Later when we were boys, Scotty was a bookies runner operating in Durham Market Place and always on the look out for police because such activities were illegal. He worked for a bookie Teddy O’Neil who had premises in the lane joining mid Silver Street to Moat Side Lane, which runs around the castle. I would sometimes put bets on for dad there, using his non de plume (no real names given) Scott X1
Dad’s mother”s parents were a Ralph Littlefair and an American Mary Ann Turnbull, known as Polly. They resided at Daisy Hill, near Sacriston and later had a small holding at Nettlesworth. Mary Ann had been born near Pittsburg in Alleghenny County, Philadelphia to Emigrants William and Ann Turnbull. Ann had come back to Durham with her daughters, leaving William in America. Ralph, like his father Ralph, had worked as a miner but became a cartman and horse dealer. His oldest brother William had been a cartman but then bought a Wheatley Green Farm and later a second and larger East Edmondsley Farm.
Farmer William and his wife, also Margaret, had given birth to their fourth son Albert in 1895, the year before dad’s mother Margaret was born. My guess is Margaret and Albert, at near the same age spent a lot of their growing years together. It is almost certainly why Margaret named dad Albert and why I have that name
Dad’s mother Margaret was probably named after her Grandmother, one Margaret Proud, who had married her Grandfather also called Ralph in 1855 as in the family tree below. Margaret Proud died age 37 in childbirth. She is buried in a grave at Pelton along with those of her children who died young; John who died at 15 month, Elizabeth who died at 1yr 8 month, Margaret who died age 9 month, a John Thomas who died at 3 years and a second John Thomas who died after his mother Margaret at 14 weeks.
Ralph would be under pressure to find a wife to help support his family and in 1875 married an Elizabeth Chapman, who already had two children by a previous marriage. They went on to have a further three children.
Littlefair is a Durham Name
Littlefair as a surname originated in Durham and spread from there. Like all worldwide Littlefair ancestries we trace ours back to a marriage in 1641 of a Thomas Littlefaire to a Dorathie Sigsworth at Gateshead.
We know not why but some 12 years later Dorathie took her sons Ralph Littlefair aged 3 and Edward aged 1 to an area at Hamsterley/Cockfield in County Durham. Here she had relatives and here in 1655 she married a John Mayer. In 1658 she inherited a farm at nearby Woodland from her uncle and further inherited from her husband on his death in 1678.
Elsewhere in the north east the Littlefair name died out. For a time it was lost at Cockfield where the names of the two sons of Dorathie Littlefair were written down in Church Records as Littleforth’s. At some stage this mistake came to light and the Littlefair name was restored. The worldwide Littlefair tree grew from there.

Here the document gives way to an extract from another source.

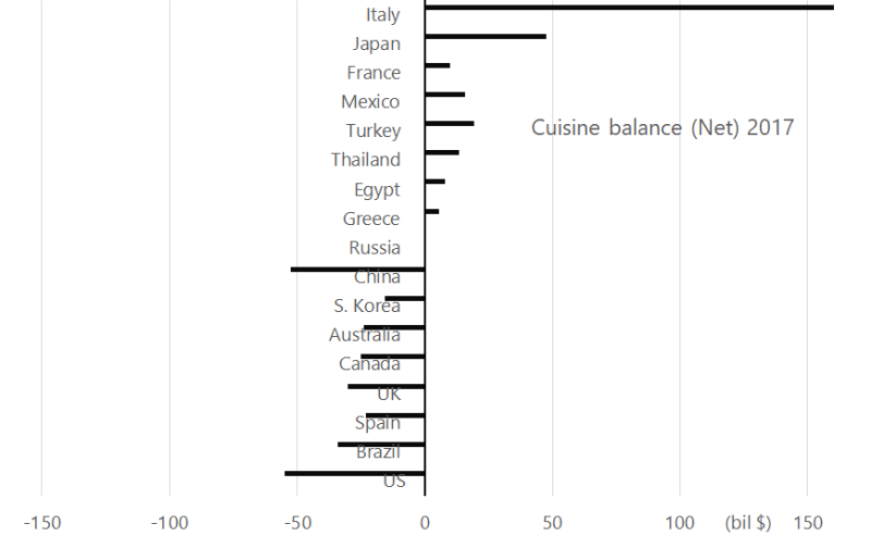- 主要な輸出国と輸入国: 映画や音楽などのオーディオビジュアル製品の貿易では、アングロアメリカの国々が支配的な輸出国であることが多いですが、料理の貿易ではそうではありません。料理の純輸出額が大きい国はイタリア、日本、メキシコであり、一方、米国は最大の純輸入国です。このパターンは、オーディオビジュアル製品の貿易パターンとは対照的です。

We are descended from Dorathie’s son Ralph and his “wife” Margaret Elstob. They did not christen their early children Rachel and Ralph in the Church of England and when the travelling Bishop’s Court visited the area in 1675, Margaret was charged by the court with being a Papist and clandestinely married. Two years later both Margaret and Ralph were charged by the same court with cohabiting in fornication or being clandestinely married.
After that their subsequent children were christened in the Church of England but Margaret remained a non conformist Quaker and was buried in 1716 at a Raby church where monthly meetings of a Society of Friends (Quakers) took place.
Ralph died in 1696, aged 46, some 20 years before his mother. His will, below, is about leaving his land and a share of a Colliery he owned, but also about how his inheritance upon his mother’s death was to be distributed.
The sealed will was witnessed by an Antony Hodgshon jur and a John Ward jur. It bears the name Ralph Littlefaire with a large B in the middle which will have been his mark and noted by “mk” above it. The Cockfield Parish records show Ralph’s burial on the following day 14th of July 1696.
Ralph’s son Ralph also had a son Ralph from whom we are descended. His son John left Cockfield and settled at Bishopwearmouth (before the growth of Sunderland and now part of it). There he married an Elizabeth Foreman and they had a family. Their son John married at Washington Holy Trinity Church a Mary Teasdale. Their family lived at nearby Biddick, where a son Ralph was born, before moving to Ryton and then Edmondsley, where John died aged about 49.
Ralph (Margaret Littlefairs grandfather to be) was about 15 when his dad died. He was the one who married Margaret Proud at Chester le Street in 1955. The family tree shows how the children were christened at the Church of St Mary and St. Cuthbert in Chester le Street until 1866 when St Peter’s at Sacriston was consecrated.